Stored items from a collection
______
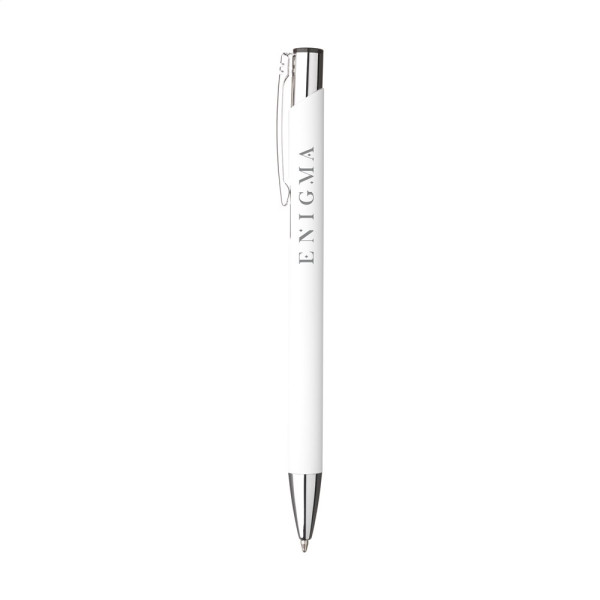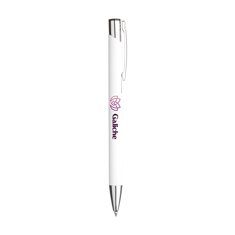 Blauschreibender Aluminium-Kugelschreiber mit Metallclip. Der Halter ist mit einer schönen gummierten Oberfläche versehen. Durch den einteiligen Halter bietet dieser Stift Platz für einen großen Aufdruck.
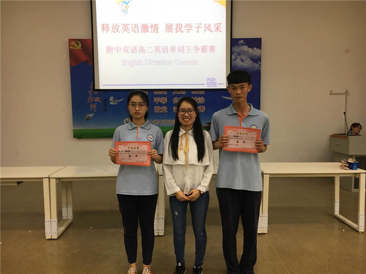 為了激發(fā)學(xué)生學(xué)習(xí)英語(yǔ)興趣,豐富詞匯量,提高學(xué)生英語(yǔ)綜合素質(zhì),給學(xué)生提供一個(gè)展示自我的平臺(tái),高二年級(jí)開(kāi)展了以“釋放英語(yǔ)激情,展我學(xué)子風(fēng)采”為主題的英語(yǔ)單詞王爭(zhēng)霸賽。本次大賽共分為激情團(tuán)隊(duì)賽、活力小組賽和魅力個(gè)人賽三個(gè)環(huán)節(jié)。
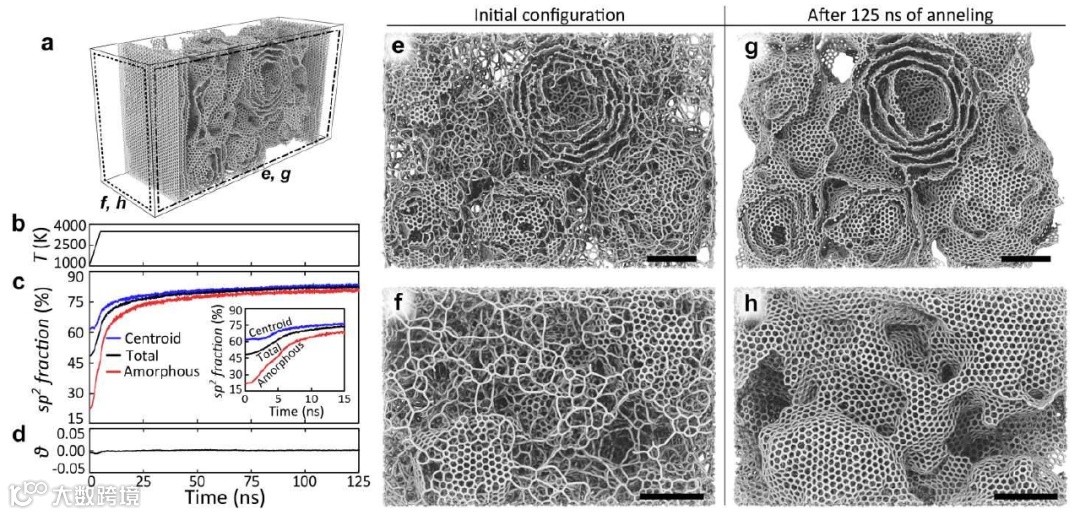 作者采用分子动力学建模的方法来模拟焦耳热闪蒸过程,将初始结构设计为包含约66%的炭黑质心颗粒和约34%的无定形碳。在1000 K初始预处理5 ns后,材料继续置于加热状态,随后在3500 K的恒定温度下退火,同时测量材料的石墨化程度和Herman的取向函数。实验结果表明,在退火过程中,样品的石墨化程度从60%显著增加到85%,其中最显著的变化发生在加热的初始阶段。值得注意的是,与非晶态碳相比,材料质心颗粒的流动性明显降低,这是由于缓慢退火过程使石墨块体中心石墨化程度逐渐增加所致。同时,周围的无定形碳预先形成的微结构经历快速石墨化,从而形成表层包覆类石墨烯涂层。此外,即使在高温(125 ns,3500 K)下的长时间热退火过程中,并未观察到石墨烯的取向度有明显的变化,只观察到褶皱状的石墨烯。从以上实验结果中可看出,材料经过简单热退火趋向于形成褶皱状石墨烯。
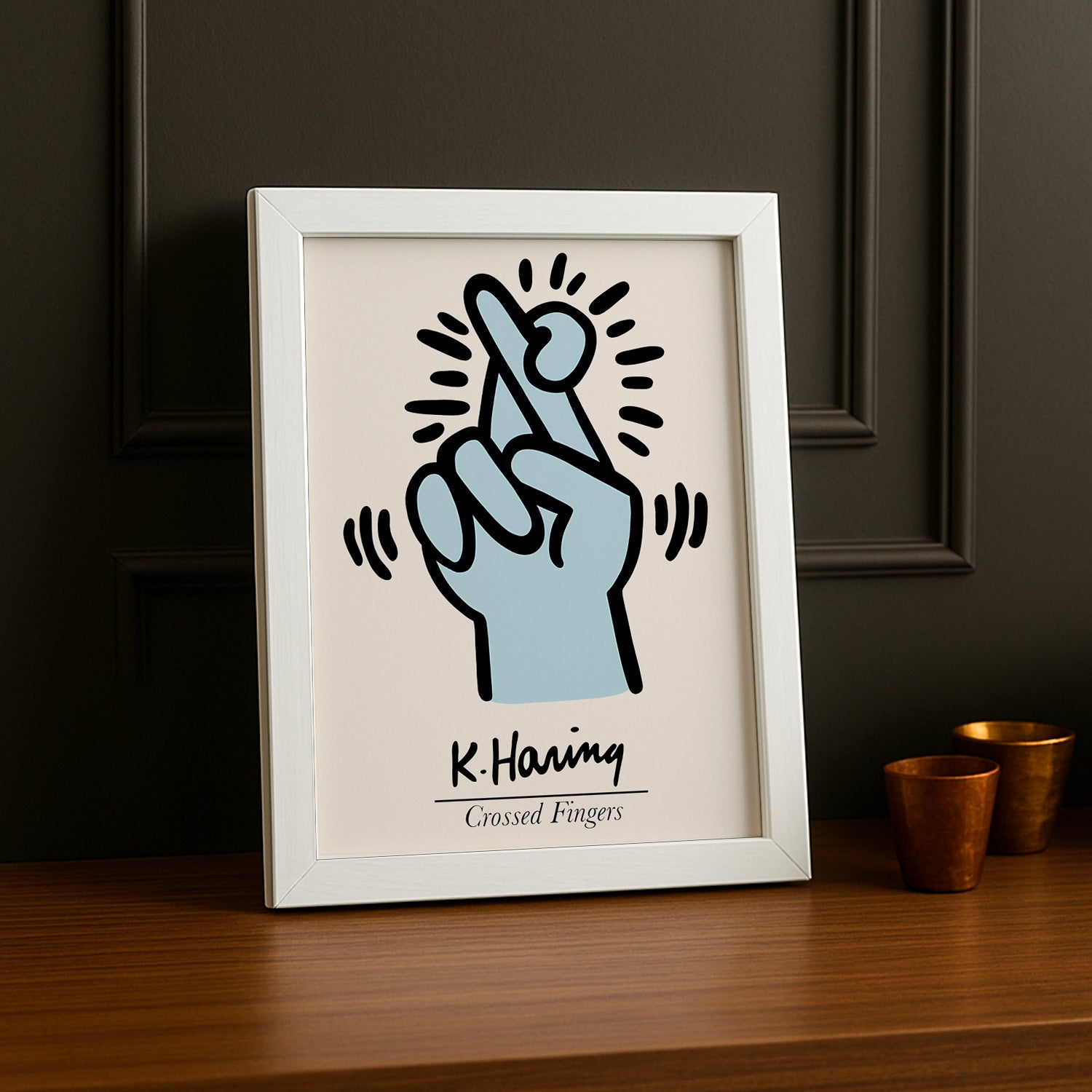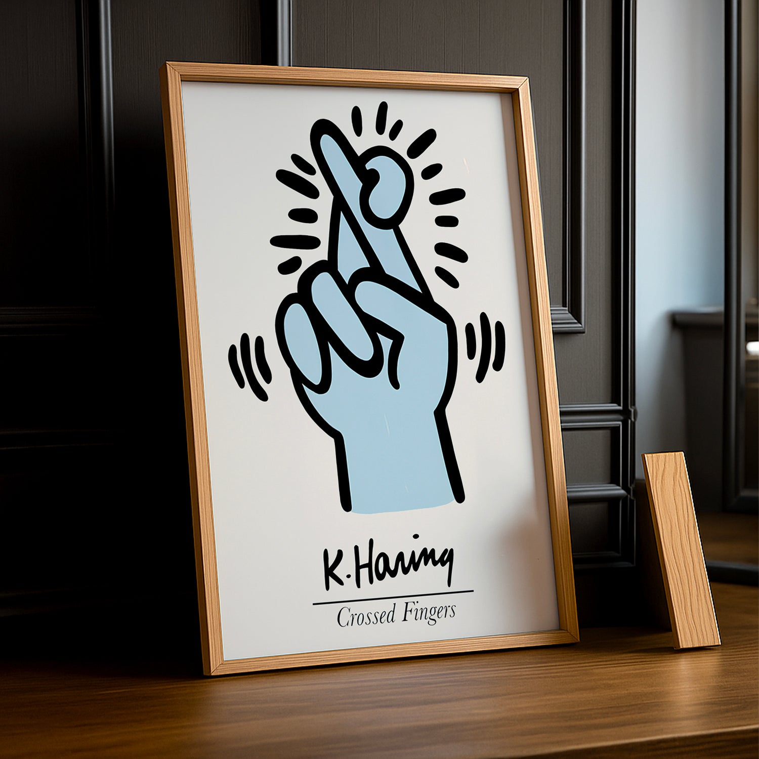 Croisez les doigts pour la bonne fortune avec ce cadre photo Keith Haring "Doigts croisés" ! Ses mains entrelacées, ses gestes pleins d'espoir et ses couleurs optimistes transmettent un message de vœux et de positivité. Parfait pour les superstitieux bienveillants et les amateurs d'art symbolique, ce cadre apporte une touche de magie et de bonne humeur à votre intérieur. Transformez vos photos en talismans de joie et d'optimisme !
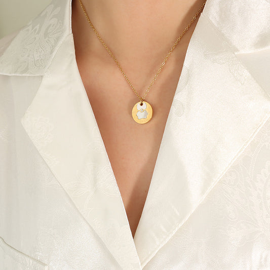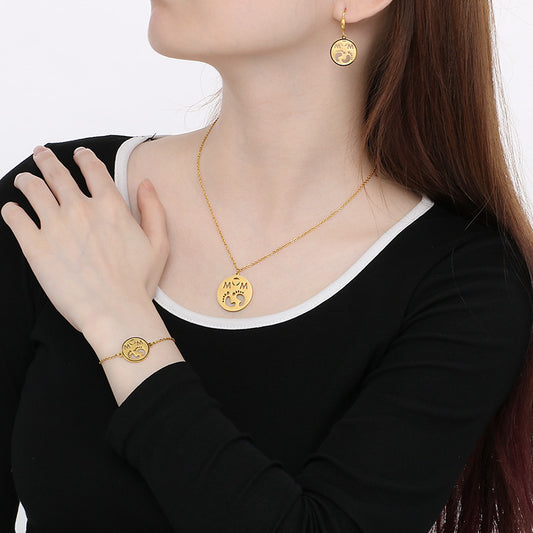 Tainless Steel Round Pendant Mom Letter Footprint Pattern Necklace
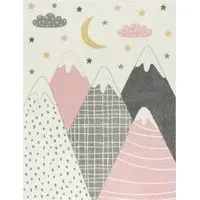 The Ninique kids rug offers an adventurous playground with its cute llama motif set against soft grey tones and colorful accents. Its desert and mountain journey design features sweet cacti that invite dreaming and exploring, while the durable construction withstands little mishaps during playtime. The rug provides easy care maintenance and fits seamlessly into any child's room for both boys and girls.
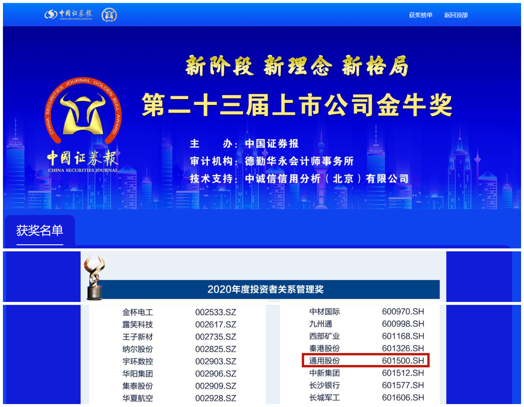 通用股份榮獲金牛獎"投資者關系管理獎"
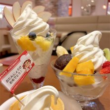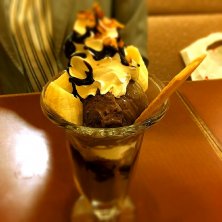 不二家レストランでチョコレートパフェ。レトロな雰囲気に癒される。
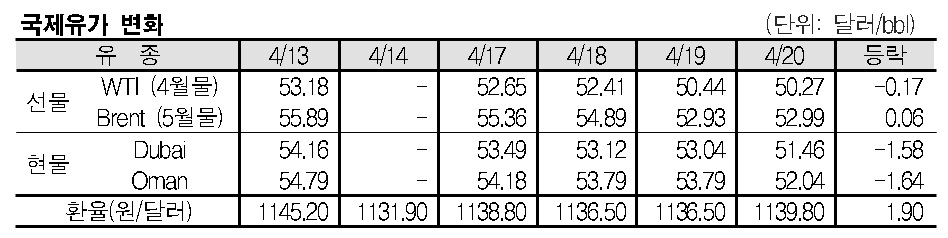4월20일 국제유가는 브렌트유(Brent)가 사우디와 쿠웨이트의 감산 연장지지 발언 등으로 상승했다. 4월20일 국제유가는 브렌트유가 사우디와 쿠웨이트의 감산 연장지지 발언 등으로 상승했다. 표, 그래프: <국제유가 변화> <화학저널 2017/04/21> |
______
Directions for this task
Omit all pictures and write out, exactly, only the lines from the line containing "The Ninique kids" through the last line of the entries above.

Response to this exercise
 The Ninique kids rug offers an adventurous playground with its cute llama motif set against soft grey tones and colorful accents. Its desert and mountain journey design features sweet cacti that invite dreaming and exploring, while the durable construction withstands little mishaps during playtime. The rug provides easy care maintenance and fits seamlessly into any child's room for both boys and girls.
 通用股份榮獲金牛獎"投資者關系管理獎"
 不二家レストランでチョコレートパフェ。レトロな雰囲気に癒される。
4월20일 국제유가는 브렌트유(Brent)가 사우디와 쿠웨이트의 감산 연장지지 발언 등으로 상승했다. 4월20일 국제유가는 브렌트유가 사우디와 쿠웨이트의 감산 연장지지 발언 등으로 상승했다. 표, 그래프: <국제유가 변화> <화학저널 2017/04/21> |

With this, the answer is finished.